November 21, 2012

Is Springfield too cynical and conservative to grow downtown?

The final report is in and it says Springfield residents are cynical about the prospects for our town. The American Institute of Architects hosted a Sustainable Design Assessment Team (SDAT) in Springfield.

“The objective of Springfield’s SDAT project is to create a repopulation plan for a more sustainable downtown that maintains the area’s historic and cultural viability and increases its economic vitality.”

Their final report summary is good reading for anyone interested in the future of the city. Some of the recommendations are obvious, like creating more places to live downtown, reducing the number of empty surface parking lots, and doing something to attract young people. The more specific ideas about achieving a vision for downtown look useful.

One idea is a call for more public art, which I've been advocating for a while. Interesting fact: not all public art is required to be statuary of historic political figures. There's no law against doing something more creative. No joke.

Thankfully, they didn't engage in the fantasy of some local leaders that consolidating rail will significantly transform downtown. Their only comment on rail is that combining public transit into a single multimodal facility "makes a great deal of sense." Of course, that could be done on either the 10th or 3rd street corridors. In fact, helping people drive away from downtown faster doesn't help it grow.

One of my concerns about the Springfield rail corridor study is that it focused on the problem of rail slowing down cars to the exclusion of considering where the best location is for passenger rail. The SDAT study is full of suggestions for planning more holistically to accommodate all forms of downtown transportation, including bicycles and pedestrians. The report even points out that Springfield's conservative, play-it-slow attitude about bike lanes is causing the city to miss out on federal funds that could be used to improve downtown infrastructure. Auto-centric planning of the past is no longer adequate.

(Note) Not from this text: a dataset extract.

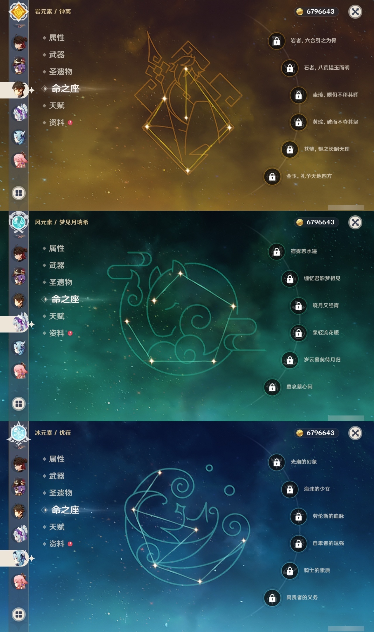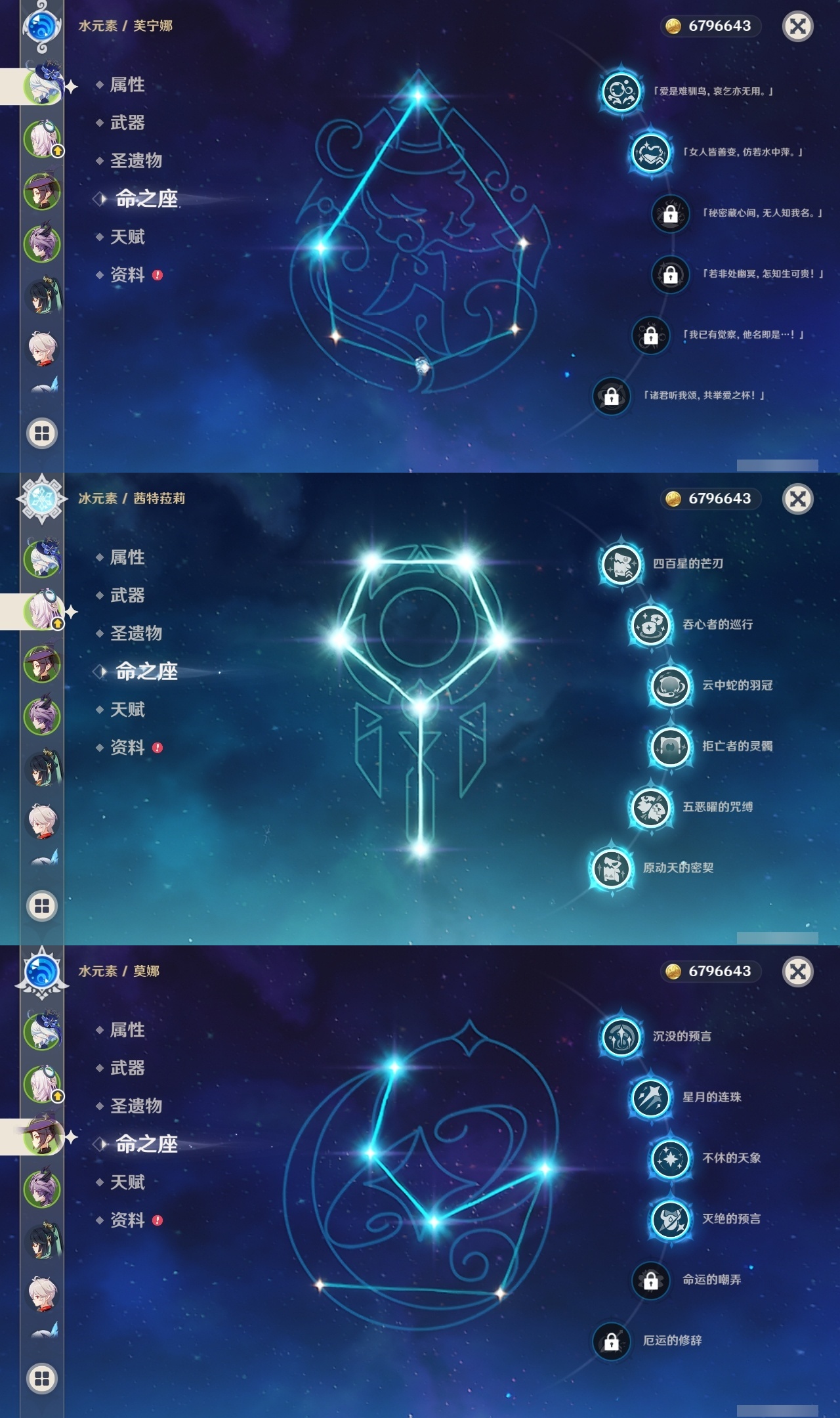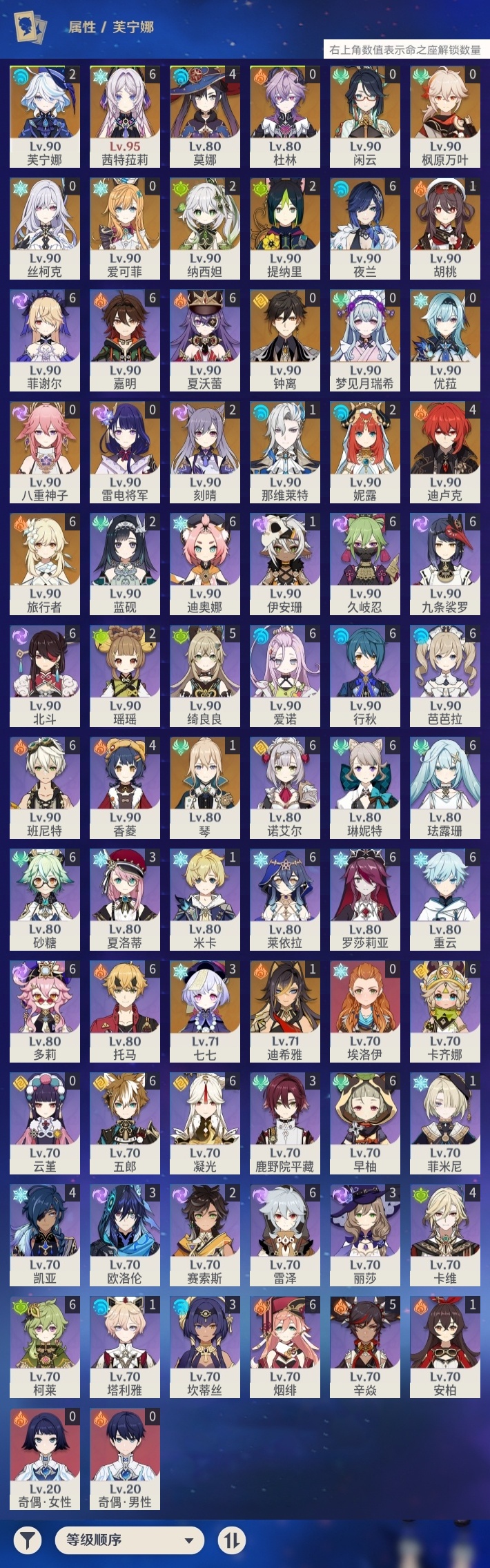 【原神】【lyys8750】冒险等级:60,五星数量:48,五星角色:茜特菈莉 6命夜兰 6命迪卢克 4命莫娜 4命七七 3命芙宁娜 2命刻晴 2命提纳里 2命妮露 2命纳西妲 2命迪希雅 1命那维莱特 1命胡桃 1命琴 1命优菈钟离梦见月瑞希八重神子闲云爱可菲丝柯克杜林枫原万叶雷电将军__五星武器:祭星者之望 5精风鹰剑 4精天空之翼 3精狼的末路 2精天空之刃 2精焚曜千阳万世流涌大典静水流涌之辉鹤鸣余音真语秘匣黎明破晓之史苍古自由之誓护摩之杖松籁响起之时天空之傲天空之卷息灾若水猎人之径圣显之钥千夜浮梦__四星角色:卡齐娜 6命班尼特 6命行秋 6命九条裟罗 6命久岐忍 6命珐露珊 6命凝光 6命迪奥娜 6命砂糖 6命莱依拉 6命多莉 6命柯莱 6命芭芭拉 6命早柚 6命托马 6命五郎 6命烟绯 6命重云 6命诺艾尔 6命罗莎莉亚 6命雷泽 6命菲谢尔 6命北斗 6命琳妮特 6命夏沃蕾 6命嘉明 6命爱诺 6命绮良良 5命辛焱 5命香菱 4命卡维 4命鹿野院平藏 3命坎蒂丝 3命欧洛伦 3命夏洛蒂 3命瑶瑶 2命蓝砚 2命赛索斯 2命米卡 1命菲米尼 1命伊安珊 1命塔利雅 1命埃洛伊奇偶·女性奇偶·男性云堇

The summary addressed a barrier to change that caught my attention.

Overcoming Cynicism

During the SDAT process, there was a lot of talk. While the quality of the dialogue was quite high, the team also heard a lot of cynicism. Overall, community participation in the SDAT process involved hundreds of residents and stakeholders, and enthusiasm for the downtown was well demonstrated, so the city should be positioned to leverage the dialogue that occurred into real action. However, the team also realized that any effort to improve downtown will need to overcome existing cynicism about Springfield. This challenge is by no means unique. In fact, one of the common refrains AIA teams have heard in many communities we work in demonstrates the challenge:
“Things are different here. What works in other places won’t necessarily work here. Things are difficult here. We have some unique challenges.”
One of the biggest barriers to Springfield's creative growth is the attitude of many Springfield residents. Part of that is a cynical pessimism about downtown's potential. Another part is a conservative political culture that refuses to place limits on sprawl developers.

There are a number of SDAT policy recommendations that would provide incentives to develop downtown and disincentives to develop cornfields. Few local politicians have shown the courage to even talk about such ideas. The SDAT report reaffirms that we have to make tough choices, rather than continuing the politically convenient fantasy that we can have unlimited sprawl and still significantly grow downtown. I'm not sure how things will change if we continue to have a Chamber of Commerce, daily newspaper, and mayor who all push the fantasy about unlimited sprawl.

The city council recently continued the fantasy by adopting a procedure that requires a city council vote early in the process for zoning changes, long before most residents will hear about controversial proposals and have the chance to weigh in. This anti-democratic change will anger more residents as they discover the procedure for zoning changes is designed to advantage developers over interested citizens. Those opposed to bulldozing Griffin woods already feel disenfranchised by the new rules.

Springfield leaders and voters have frequently shown they prefer the familiar over new ideas. SDAT suggests a number of ways to approach change that will hopefully overcome the self-defeating habits of our local political establishment. I'll cross my fingers, suppress my inner cynic, and keep a positive attitude about those ideas working.